____ AVAILABLE DATA

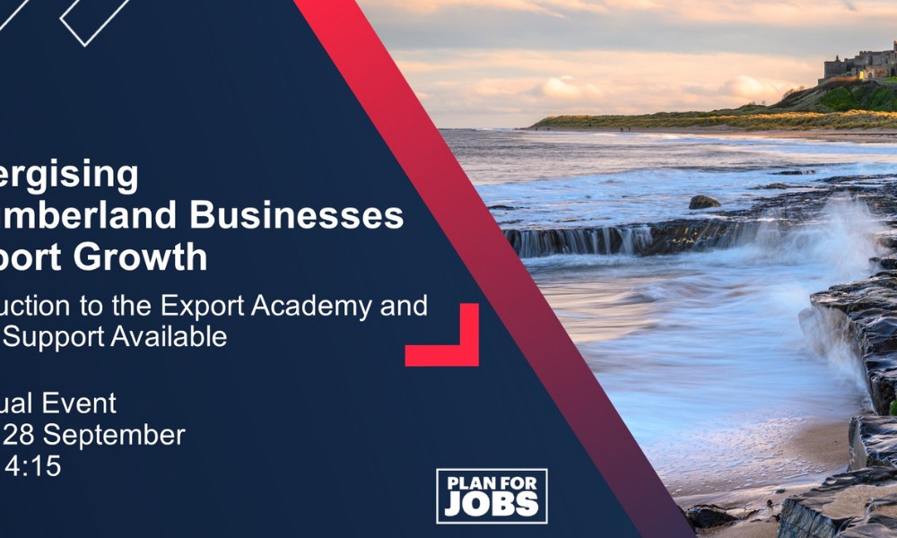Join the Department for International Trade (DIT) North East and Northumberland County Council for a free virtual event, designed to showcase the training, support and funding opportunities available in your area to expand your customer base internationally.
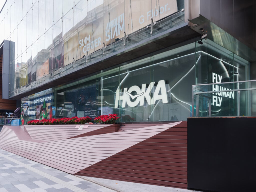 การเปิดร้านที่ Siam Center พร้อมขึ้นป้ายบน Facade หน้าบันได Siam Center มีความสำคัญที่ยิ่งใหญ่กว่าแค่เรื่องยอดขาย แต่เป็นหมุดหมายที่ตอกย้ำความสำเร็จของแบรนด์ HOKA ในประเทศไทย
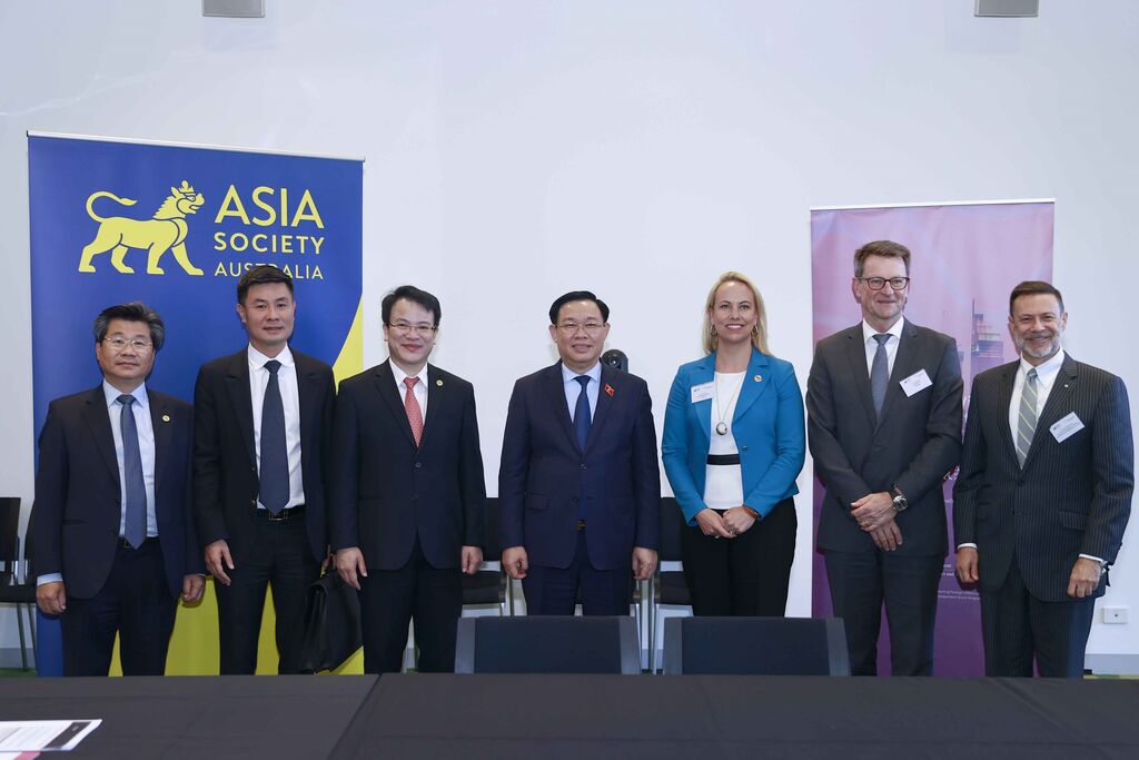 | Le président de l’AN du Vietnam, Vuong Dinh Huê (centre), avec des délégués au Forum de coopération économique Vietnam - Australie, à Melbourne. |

________

▶ **TASK**: Set down, in exact form, only the lines that start at the one containing "การเปิดร้านที่ Siam Center" and finish at the last line of the material; pictures do not go in.

▶ **RESPONSE BOX**:
 การเปิดร้านที่ Siam Center พร้อมขึ้นป้ายบน Facade หน้าบันได Siam Center มีความสำคัญที่ยิ่งใหญ่กว่าแค่เรื่องยอดขาย แต่เป็นหมุดหมายที่ตอกย้ำความสำเร็จของแบรนด์ HOKA ในประเทศไทย
 | Le président de l’AN du Vietnam, Vuong Dinh Huê (centre), avec des délégués au Forum de coopération économique Vietnam - Australie, à Melbourne. |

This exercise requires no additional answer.